First of all, we love you, I love you. We love you so so much, all of us. And we miss you terribly, I do believe more than you could ever imagine. Certainly more than I could imagine to ever miss someone. We try to find answers to our questions of why you did this. We make up explanations knowing you would probably counter most of them with your logic.
It is hard for me to try to understand how you felt, even when so many people try to describe this state. Why did you not really seek treatment? Why did you not give your life a chance? Why did you not let me know how dark it was inside you? I know you made attempts, and I am so sorry I did not understand you. I am so truly sorry. I wish I could turn back time. Would you have done it anyway? Or could I have saved your life? Those questions are coming back again and again.
Sometimes, though, it is as if you are just gone for a holiday. I could not bring myself to delete your phone number in my mobile. Maybe you will call me again some day? Oh how I would long for that.
I know that sometimes you were bitter and full of revenge for this world. I hope that you feel different now, that you can feel all the love that I and all of our family always wanted to give you and have you feel. I truly hope that you did not do this only to show us something. This thought scares me. If you had to do this I hope you had to do it because you could not see any other way, even though I am sure there was one. I wish you could tell me what you felt when you had pulled that trigger, this millisecond in between. Did you wish you had not done it? Were you happy that it was all over, all your pain?

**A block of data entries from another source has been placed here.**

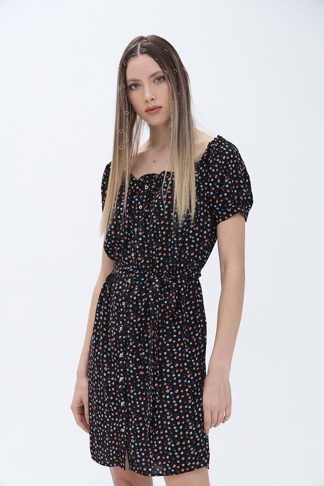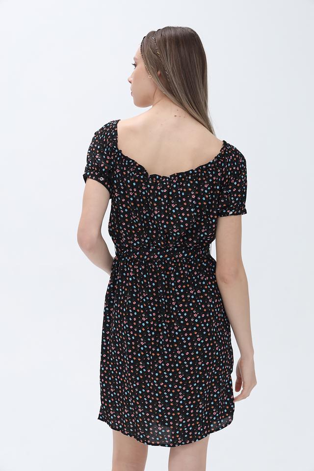 Платье Alcott чёрного цвета с ярким цветочным принтом – отличный выбор для создания лёгкого и женственного образа. Модель выполнена из полиэстера, имеет короткий рукав и эластичную резинку на талии, что обеспечивает комфортную посадку. Состав: полиэстер 100%
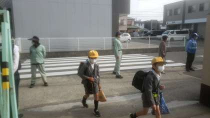 今週から、地域交通安全週間が始まりました。それに併せて、喜連北連合町会長様はじめ地域の皆様方や警察、区役所の方々が子どもたちの登校の様子を見守って頂きました。
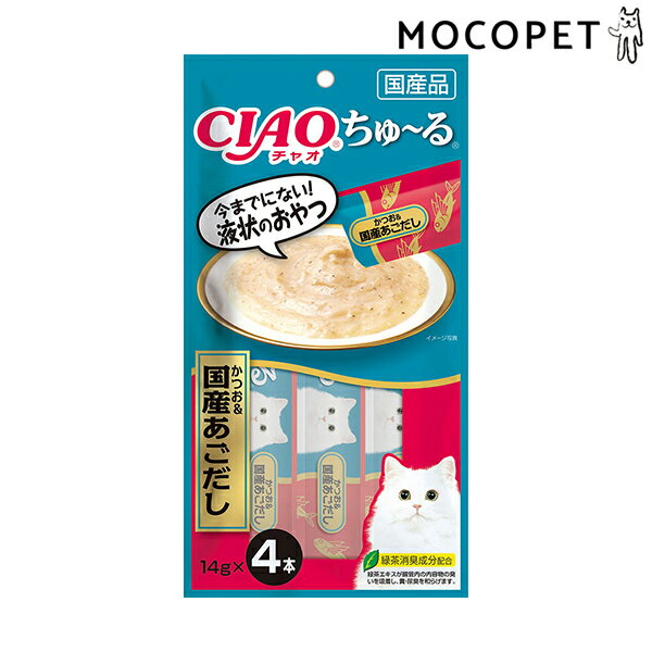 [商品名称]【最大400円OFFクーポン※要取得&LINE追加で500円OFF!】チャオちゅ〜る かつお&国産あごだし 14g×4本入 / ちゃおちゅーる 国産 チャオチュール 猫 CIAO いなば #w-159297
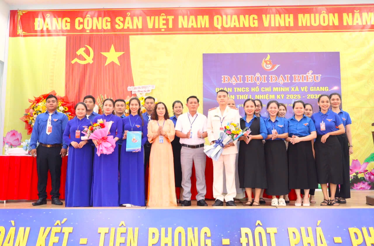 Lãnh đạo địa phương tặng hoa chúc mừng Ban chấp hành Đoàn TNCS Hồ Chí Minh xã Vệ Giang khóa I, nhiệm kỳ 2025-2030 ra mắt tại đại hội
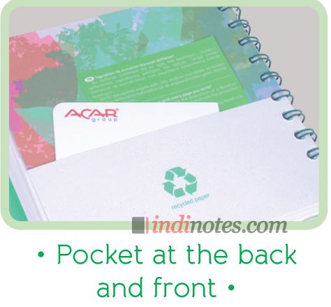 Особенности модели: специальный карман для хранения записей, полускрытая спираль зеленого цвета, тетрадь на резинке, ручка
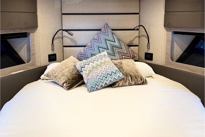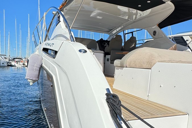 The Yacht package includes: Seakeeper NG6 stabilization system, Skyhook dynamic stabilization system, painted hull and hardtop in Urbino Land Met color, full teak finishing, Oceanled underwater lamps, Garmin Platinum advanced navigation package, various interior solutions and barely used Suzukino Geniuss 250 Open in the garage.
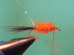 - Tie an orange hackle in just behind the eye of the hook by the tip.
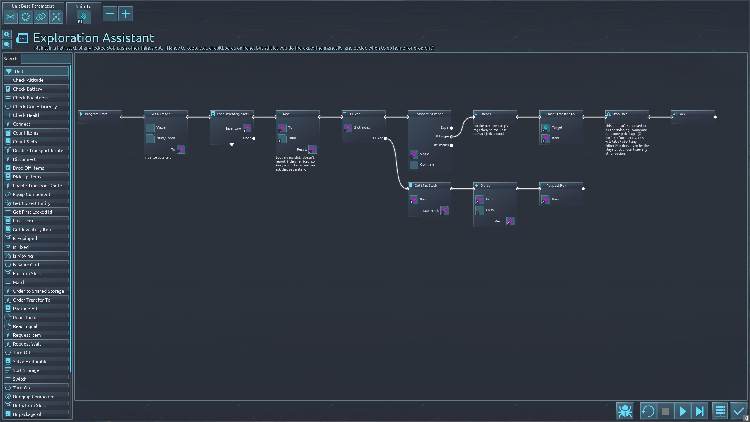 | 4216 | 😟 | General | Two requests for behaviors and inventory mangement: - it would be great to be able to know if a slot is locked while looping over slots. See how that takes (afaict) at least two extra instructions for a separate counter? - 'Order Transfer To' desperately needs an option for not commandeering the current unit. Placing orders in the logistics system should do exactly that: place an order... in the logistics system. It should not then assign this unit to logistics duty, if this unit would not already naturally do so. (For example, if the scout I give this behavior to doesn't have Supply or Deliver mode enabled, ordering a transfer shouldn't make it budge: someone else should come do the pickup.) | 2024-04-09 15:14:45 | |
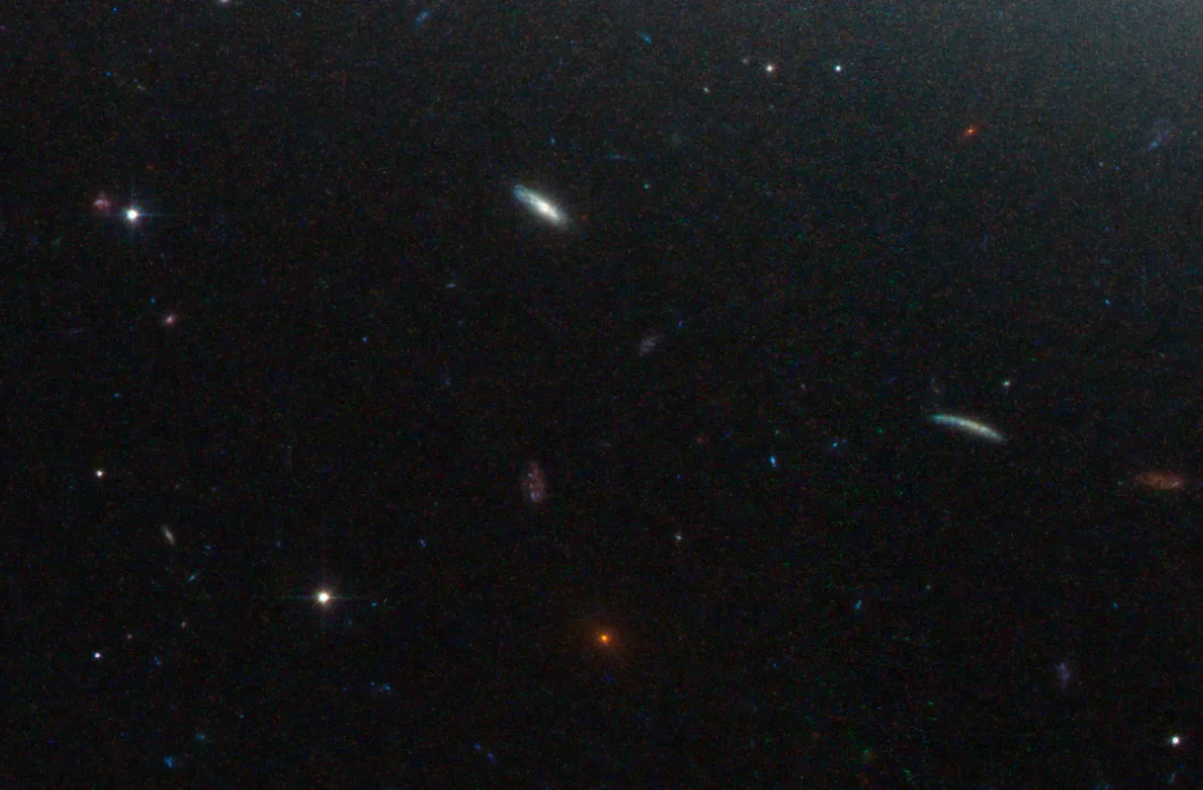 Свет от этой далёкой галактики с высоким красным смещением проходит мимо скопления, и его траектория искривляется под действием гравитации. Вместо того чтобы затруднять наблюдения, такое сильное линзирование увеличивает удалённый объект, улучшая разрешение и глубину изображения. В некоторых случаях оно даже создаёт несколько изображений одного и того же объекта, поскольку свет огибает скопление по разным траекториям.

Alexander, I hope you feel better now. I hope that this helped at least one of us. I don’t know how you could do this. Would you have done it even if you had not had access to the weapons? Where did we not hear you, how could I have truly helped you? Could I have done something else? Oh I have so many things I want to ask you, I want to understand. I wish I could get answers, honest answers.
One thing I know though and am so sorry that I did not tell you often enough: I love you, my dear, dear Alexander, my dear brother. I love you!